Items from a data source
────────────────────────────────────────

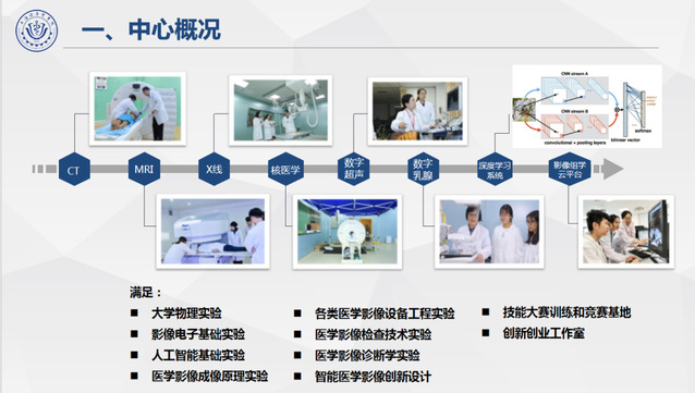 上海市医学影像实验教学中心共计3735㎡,拥有CT、核磁共振、数字化X线机、超声和核医学等5大类医学影像设备。中心聚焦现代医学影像技术人才“有温度,多维度”能力培养体系建设,积极开展实验教学研究,深入推进实验教学改革。同时,根据现代智能化影像技术发展趋势,融入AI+医学影像实验教学新内涵、AI赋能实验教学新模式等理念。构建“医教研赛”协同育人实践教学平台,形成理实一体、虚实融合、线上线下混合、校内外共享的实验教学形态。其中,《MRI检查技术》在线实验课程2020年以来开放网络实验资源惠及92所高校,实验人次达45万。
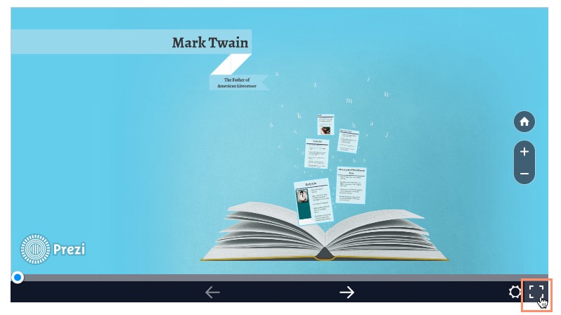 This will open your prezi in Present mode. You'll be able to switch between your frames and zoom in and out of the areas of your choice. To switch back to Edit mode, simply press the Escape key.
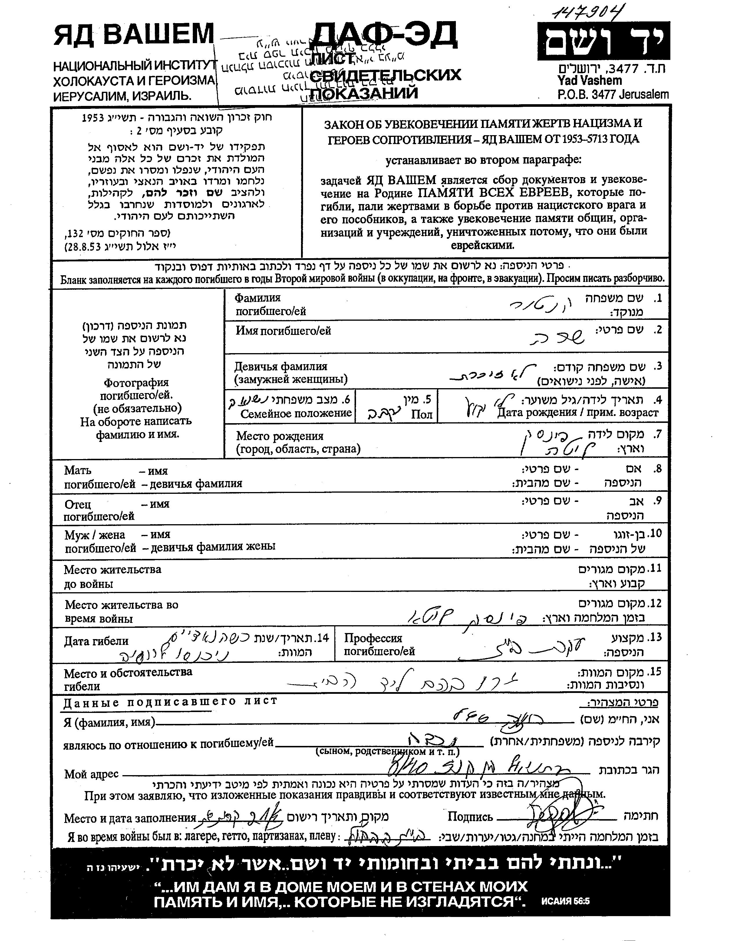 Sara wurde in der Schoah ermordet. Todesort: Pinsk, Polen im Jahr 1941.
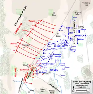 Бригада атаковала два федеральных полка на Эммитсбергской дороге, обратила их в бегство и захватила орудие батареи Брауна, а затем ещё два орудия той же батареи в момент их отхода. Затем они снова атаковали противника (бригаду Нормана Холла), которая стояла за каменной стеной выше по склону. Холл оказался в сложном положении: два его полка (42-й Нью-Йоркский и 19-й Массачусетский) были переброшены на помощь дивизии Хэмфриса, поэтому у него осталось всего три полка с открытым левым флангом[3].
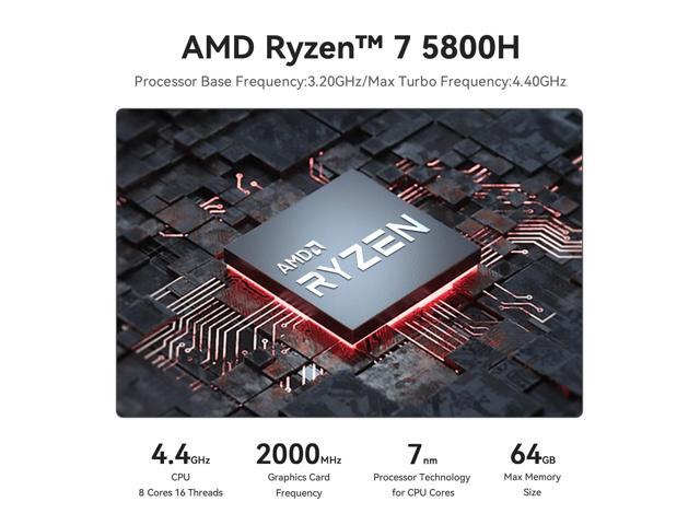 - AMD's New 5000 Generation - Mini computer is powered by AMD Ryzen 7 5800H processor, which is based on TSMC's 7nm process technology, has 8 cores/16 threads, running up to 4.4GHz at 45W TDP. Ryzen 5000 Series is equipped with Zen3 architecture. Booting up the system, large apps, and light games is fast on Beelink 5800H. Perfect for home and office use.

────────────────────────────────────────

How to complete this task
Make an exact copy of every entry above, minus the images.

Result of this exercise
 上海市医学影像实验教学中心共计3735㎡,拥有CT、核磁共振、数字化X线机、超声和核医学等5大类医学影像设备。中心聚焦现代医学影像技术人才“有温度,多维度”能力培养体系建设,积极开展实验教学研究,深入推进实验教学改革。同时,根据现代智能化影像技术发展趋势,融入AI+医学影像实验教学新内涵、AI赋能实验教学新模式等理念。构建“医教研赛”协同育人实践教学平台,形成理实一体、虚实融合、线上线下混合、校内外共享的实验教学形态。其中,《MRI检查技术》在线实验课程2020年以来开放网络实验资源惠及92所高校,实验人次达45万。
 This will open your prezi in Present mode. You'll be able to switch between your frames and zoom in and out of the areas of your choice. To switch back to Edit mode, simply press the Escape key.
 Sara wurde in der Schoah ermordet. Todesort: Pinsk, Polen im Jahr 1941.
 Бригада атаковала два федеральных полка на Эммитсбергской дороге, обратила их в бегство и захватила орудие батареи Брауна, а затем ещё два орудия той же батареи в момент их отхода. Затем они снова атаковали противника (бригаду Нормана Холла), которая стояла за каменной стеной выше по склону. Холл оказался в сложном положении: два его полка (42-й Нью-Йоркский и 19-й Массачусетский) были переброшены на помощь дивизии Хэмфриса, поэтому у него осталось всего три полка с открытым левым флангом[3].
 - AMD's New 5000 Generation - Mini computer is powered by AMD Ryzen 7 5800H processor, which is based on TSMC's 7nm process technology, has 8 cores/16 threads, running up to 4.4GHz at 45W TDP. Ryzen 5000 Series is equipped with Zen3 architecture. Booting up the system, large apps, and light games is fast on Beelink 5800H. Perfect for home and office use.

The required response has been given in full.